The first story of the collection, also titled The Middle Children discusses the privileges that come with being white passing, such as being able to go to university or allowed to sit at the front of the train. This story also expresses the fear that comes with being caught pretending to be white.

===Home===
Jacobs revealed in an interview with Daniel W. Lehman that the polarities between home and exile was one of the themes of The Middle Children. Home is a major feature of The Middle Children as most of the stories are Sabah reflecting on home in South Africa, making a new home in Canada, or returning home to South Africa for a visit.

===Family===
In the same interview, Jacobs discusses her own family life and it is revealed that the short story in The Middle Children titled Masquerade (also the title of Jacobs’ personal memoir) was based on the relationships she shared with her grandparents.

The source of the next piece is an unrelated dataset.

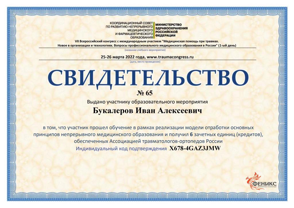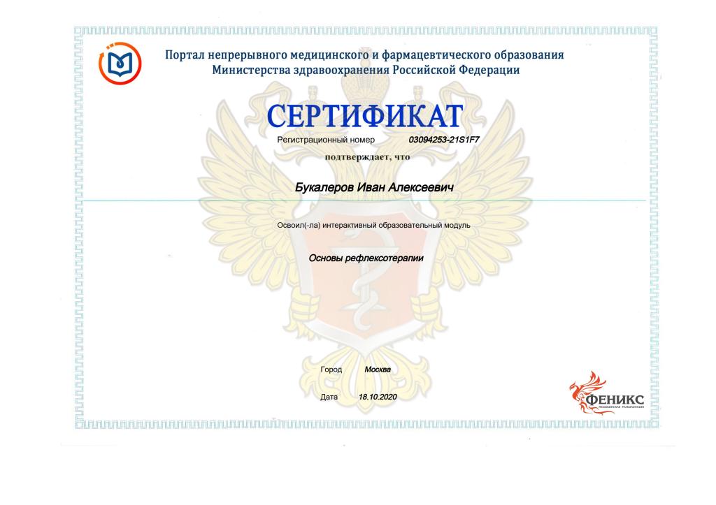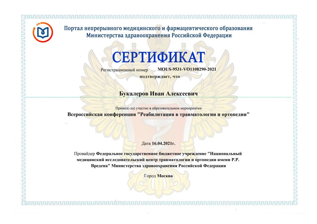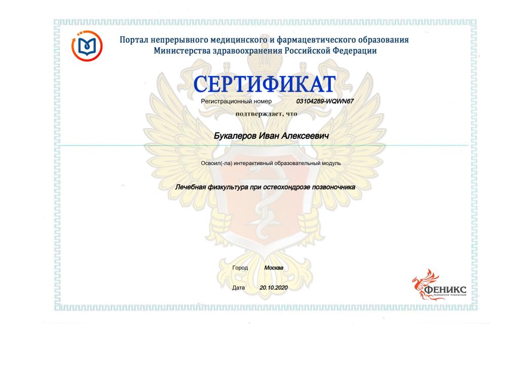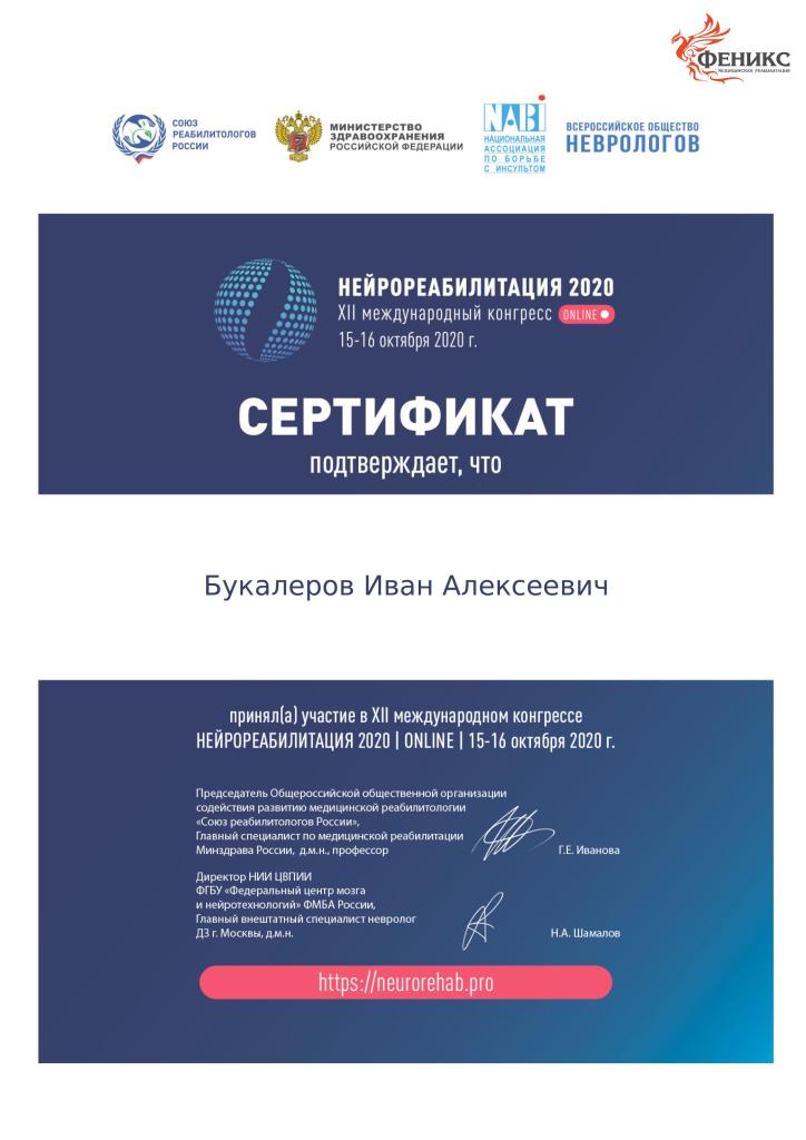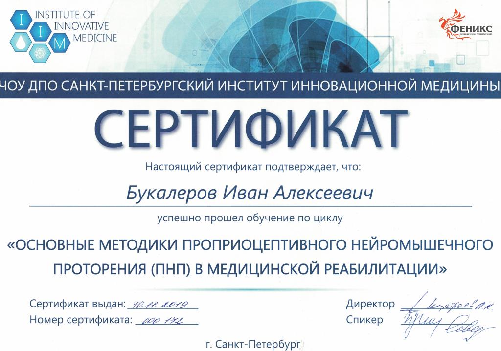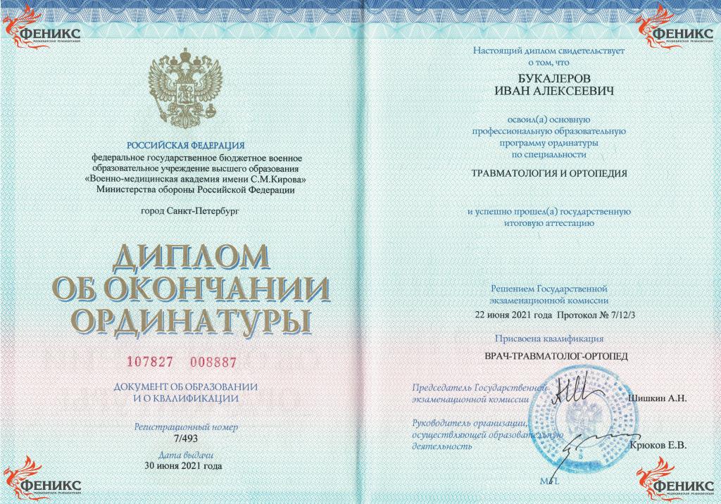 Букалеров Иван Алексеевич, окончил федеральное государственное бюджетное военное учреждение «Военно-медицинскую академию имени С. М. Кирова» факультет подготовки врачей для ракетных и сухопутных войск. Обучался в клинической ординатуре по специальности «Травматология и ортопедия» на кафедре военной травматологии и ортопедии Военно-медицинской академии имени С. М. Кирова, после чего прошел профессиональную переподготовку по специальностям «Лечебная физкультура и спортивная медицина», «Мануальная терапия», «Физическая и реабилитационная медицина». Закончил сертификационный цикл по проприоцептивной нейромышечной фасилитации, методике нейромышечной активации с использованием подвесных терапевтических систем Redkord, методике экзореабилитации с применением медицинского роботизированного комплекса ExoAtlet I для пациентов различных нозологий с нарушением локомоторных функций. Являюсь членом ассоциации «Лига подиатрии». Активно занимаюсь научной деятельностью, являюсь соавтором методических рекомендаций по применению медицинского экзоскелета «Экзоатлет» у пациентов с патологией опорно-двигательного аппарата и нервной системы в военно-медицинских организациях Министерства обороны Российской Федерации.

Strong family bonds are also shown in Billie Can’t Poo and Don’t Mention It, but family jealousy comes out in Boundaries and well as when Sabah shares that it was somebody in her own family who reported her white card.

==Reviews==

The reviews on this collection are sparse however those that do exist praise Rayda Jacobs for her prose as well as the message of her stories. It is regarded as a valuable resource on the lived experiences of South African people particularly surrounding the issues of race and The Apartheid.